### To do
Every entry in the data is to be written out exactly; no picture belongs in the copy.

++++ Given records

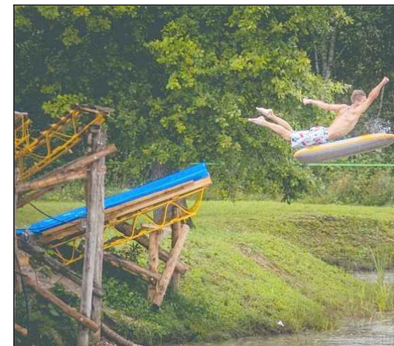
Piemērs: waterjump sistēma
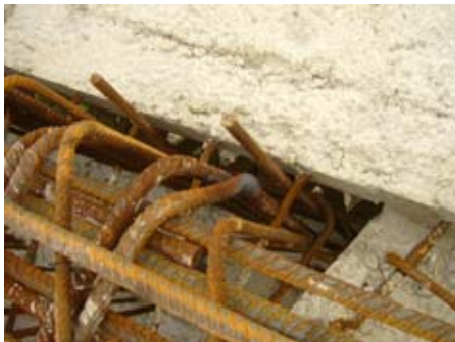
Rückbiegen der Bewehrung

Die Lage der Bewehrung ist verkehrt, die tragende untere Bewehrungslage wurde an der Oberseite des Treppenlaufes eingebaut. Das Bauteil ist nicht tragfähig.
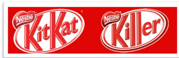
Imagen 2 – Cambio de logotipo de “KitKat” por “Killer”.

Lanzaron una campaña en la que modificaron el logotipo de Kit-Kat por la palabra “killer” (asesino), y lo utilizaron en las diferentes piezas de comunicación:
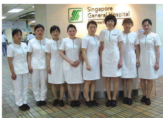
在新加坡工作的部分学生合影。

春风沐雨五十五载,往事悠悠宛如春歌。泰山护理职业学院的设立,是泰卫人的一份喜悦,一种荣耀,更是一份激情,一种责任。泰卫人在不懈的拼搏奋斗中终于找回本应属于自己的那份自信,实现了当初想都不敢想的历史性跨越,高昂起了卫生职业教育的龙头!这是凝聚的功能,这是搏击的效应,这是科学发展带给泰卫人的一份厚重的礼物!今天的泰卫人,正承载着新的希望,驾驭着历史的机遇,驶向新的彼岸,创造新的辉煌!
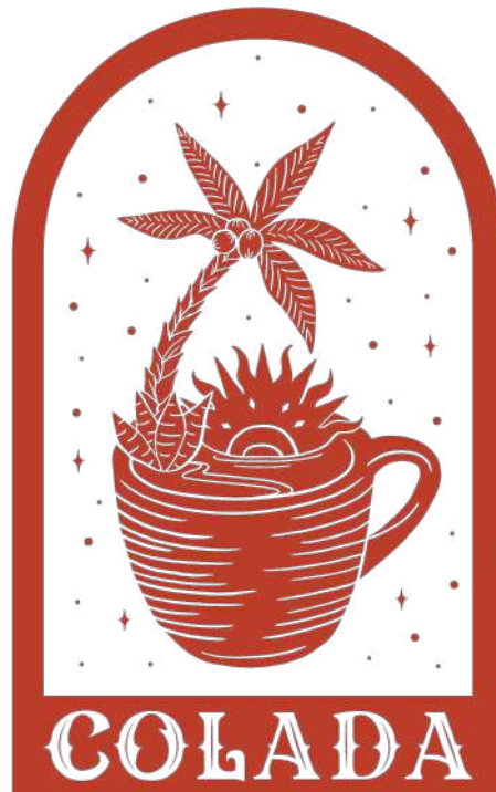
Gambar 1.I.2 Logo Perusahaan
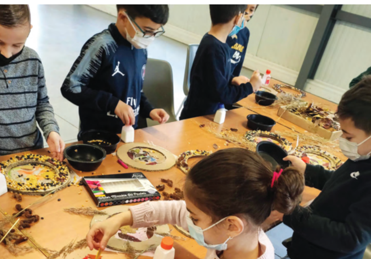
"Les mercredis découverte"
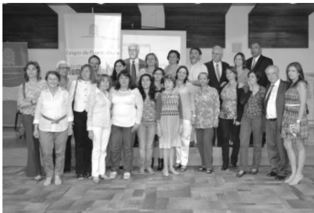
Grupo de Puericultura del Departamento de Pediatría y Puericultura de la Facultad de Medicina de la Universidad de Antioquia
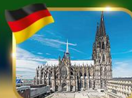
มหาวิหารแห่งเมืองโคโลญ
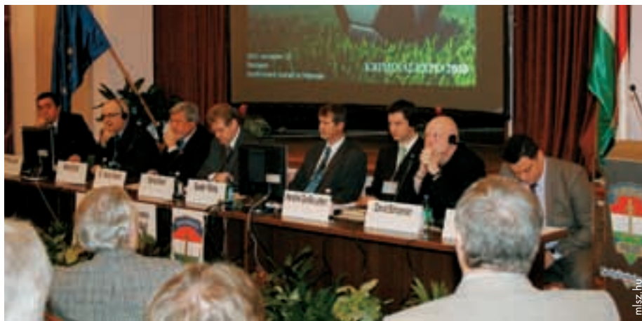
La Hongrie est déterminée à combattre le hooliganisme.
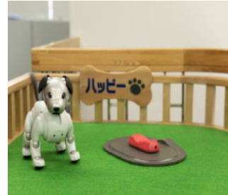
社員の癒し、aiboのハッピー 心の健康と社員の コミュニケーションの活性化にも
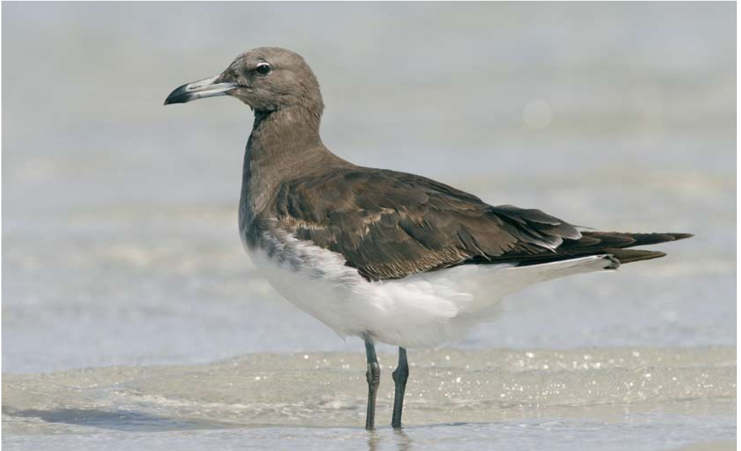
23 Sooty Gull / Hemprichs Meeuw Larus hemprichii , first-summer, El Gouna, Egypt, 16 May 2007 ( Edwin Winkel ). Mantle and scapulars are dark and uniform but coverts still show some faded juvenile feathers. Pointed and worn primaries also still juvenile. 24 Sooty Gull / Hemprichs Meeuw Larus hemprichii , second-winter, El Gouna, Egypt, 11 October 2007 ( Edwin Winkel ). Uniform chocolate-brown except for the head which is still very pale, as in most first-winters. Note new second generation primaries with rounded tip and greenish legs compared with greyish ones of younger bird in plate 23.
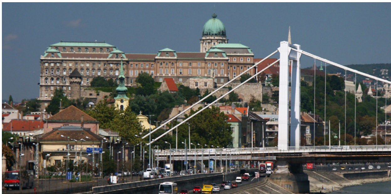
Kép: Jan Cernoch

a februárban megrendezett 2016-os Tajpei Nemzetközi Könyvvásár díszvendége, bemutatva a magyar kultúra számos aspektusát a tajvani emberek számára. Ezt követően került megrendezésre egy tudományos konferencia Budapesten a Budapesti Gazdasági Egyetem szervezésében február közepén, összehozva 10 tajvani és 15 magyar tudóst. Tavaly pedig sor került a tajvani Nemzeti Központi Könyvtár és a magyar Nemzeti Széchenyi Könyvtár közötti egyet-
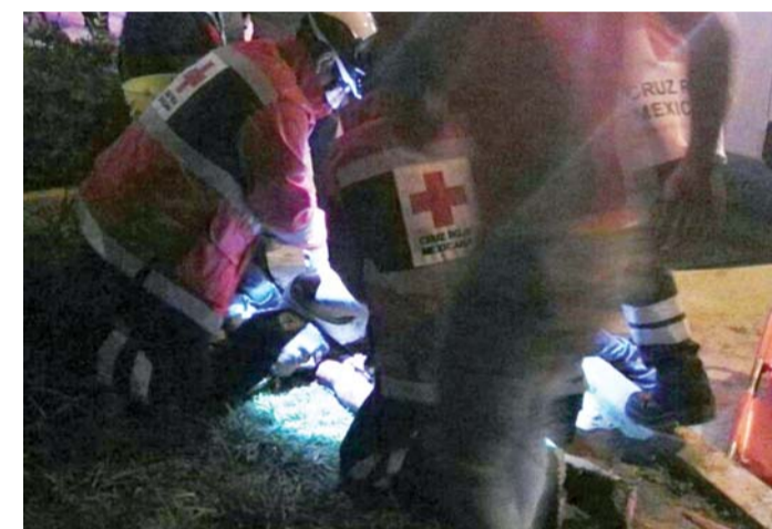
► Lo trasladaron de emergencia a una clínica particular.

"Este cuate ya estuvo detenido hace unos meses por portación de arma de fuego, era muy agresivo y mira", comentó uno de los policías.
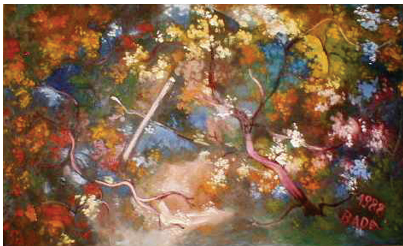
Bada Márta: Virágzó május 2

társ képzőművészeti élet nem kellő ismerése egyaránt hozzájárultak ahhoz, hogy jelentkezését elutasítottuk. Elzárkózásunk indította el az európai roma képzőművészeti élet legizgalmasabb pezsgését.
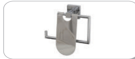
152019 Dar Kapaklı Kağıtlık 15.80 TL
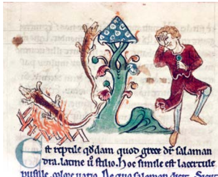
^ Огненная Саламандра. Средневековая миниатюра. Алхимический трактат
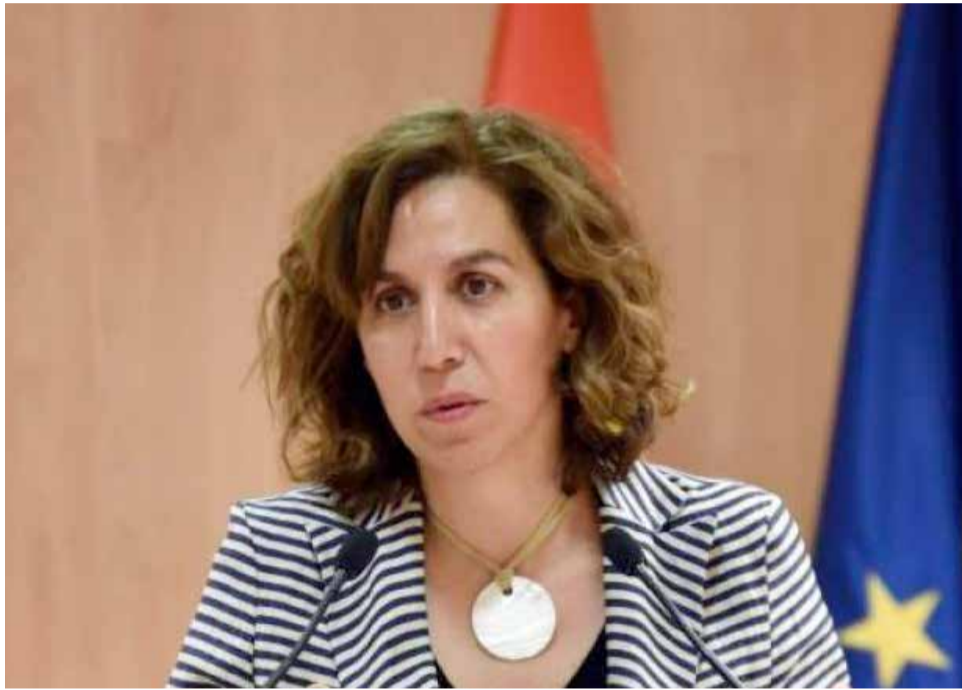
Irene Lozano, secretaria de Estado de Deportes.

Lozano se une a las deportistas ya retiradas Ruth Beitia, Theresa Zabell y Anabel Medina y a la periodista Mónica Marchante en el jurado de estos premios, que en su primera edición, correspondiente al año 2019 y entregado en febrero de este año, correspondió al árbitro recién retirado, Alberto Undiano, han continuado las mismas fuentes consultadas.

++++++++

### Exercise solution
Piemērs: waterjump sistēma
Rückbiegen der Bewehrung

Die Lage der Bewehrung ist verkehrt, die tragende untere Bewehrungslage wurde an der Oberseite des Treppenlaufes eingebaut. Das Bauteil ist nicht tragfähig.
Imagen 2 – Cambio de logotipo de “KitKat” por “Killer”.

Lanzaron una campaña en la que modificaron el logotipo de Kit-Kat por la palabra “killer” (asesino), y lo utilizaron en las diferentes piezas de comunicación:
在新加坡工作的部分学生合影。

春风沐雨五十五载,往事悠悠宛如春歌。泰山护理职业学院的设立,是泰卫人的一份喜悦,一种荣耀,更是一份激情,一种责任。泰卫人在不懈的拼搏奋斗中终于找回本应属于自己的那份自信,实现了当初想都不敢想的历史性跨越,高昂起了卫生职业教育的龙头!这是凝聚的功能,这是搏击的效应,这是科学发展带给泰卫人的一份厚重的礼物!今天的泰卫人,正承载着新的希望,驾驭着历史的机遇,驶向新的彼岸,创造新的辉煌!
Gambar 1.I.2 Logo Perusahaan
"Les mercredis découverte"
Grupo de Puericultura del Departamento de Pediatría y Puericultura de la Facultad de Medicina de la Universidad de Antioquia
มหาวิหารแห่งเมืองโคโลญ
La Hongrie est déterminée à combattre le hooliganisme.
社員の癒し、aiboのハッピー 心の健康と社員の コミュニケーションの活性化にも
23 Sooty Gull / Hemprichs Meeuw Larus hemprichii , first-summer, El Gouna, Egypt, 16 May 2007 ( Edwin Winkel ). Mantle and scapulars are dark and uniform but coverts still show some faded juvenile feathers. Pointed and worn primaries also still juvenile. 24 Sooty Gull / Hemprichs Meeuw Larus hemprichii , second-winter, El Gouna, Egypt, 11 October 2007 ( Edwin Winkel ). Uniform chocolate-brown except for the head which is still very pale, as in most first-winters. Note new second generation primaries with rounded tip and greenish legs compared with greyish ones of younger bird in plate 23.
Kép: Jan Cernoch

a februárban megrendezett 2016-os Tajpei Nemzetközi Könyvvásár díszvendége, bemutatva a magyar kultúra számos aspektusát a tajvani emberek számára. Ezt követően került megrendezésre egy tudományos konferencia Budapesten a Budapesti Gazdasági Egyetem szervezésében február közepén, összehozva 10 tajvani és 15 magyar tudóst. Tavaly pedig sor került a tajvani Nemzeti Központi Könyvtár és a magyar Nemzeti Széchenyi Könyvtár közötti egyet-
► Lo trasladaron de emergencia a una clínica particular.

"Este cuate ya estuvo detenido hace unos meses por portación de arma de fuego, era muy agresivo y mira", comentó uno de los policías.
Bada Márta: Virágzó május 2

társ képzőművészeti élet nem kellő ismerése egyaránt hozzájárultak ahhoz, hogy jelentkezését elutasítottuk. Elzárkózásunk indította el az európai roma képzőművészeti élet legizgalmasabb pezsgését.
152019 Dar Kapaklı Kağıtlık 15.80 TL
^ Огненная Саламандра. Средневековая миниатюра. Алхимический трактат
Irene Lozano, secretaria de Estado de Deportes.

Lozano se une a las deportistas ya retiradas Ruth Beitia, Theresa Zabell y Anabel Medina y a la periodista Mónica Marchante en el jurado de estos premios, que en su primera edición, correspondiente al año 2019 y entregado en febrero de este año, correspondió al árbitro recién retirado, Alberto Undiano, han continuado las mismas fuentes consultadas.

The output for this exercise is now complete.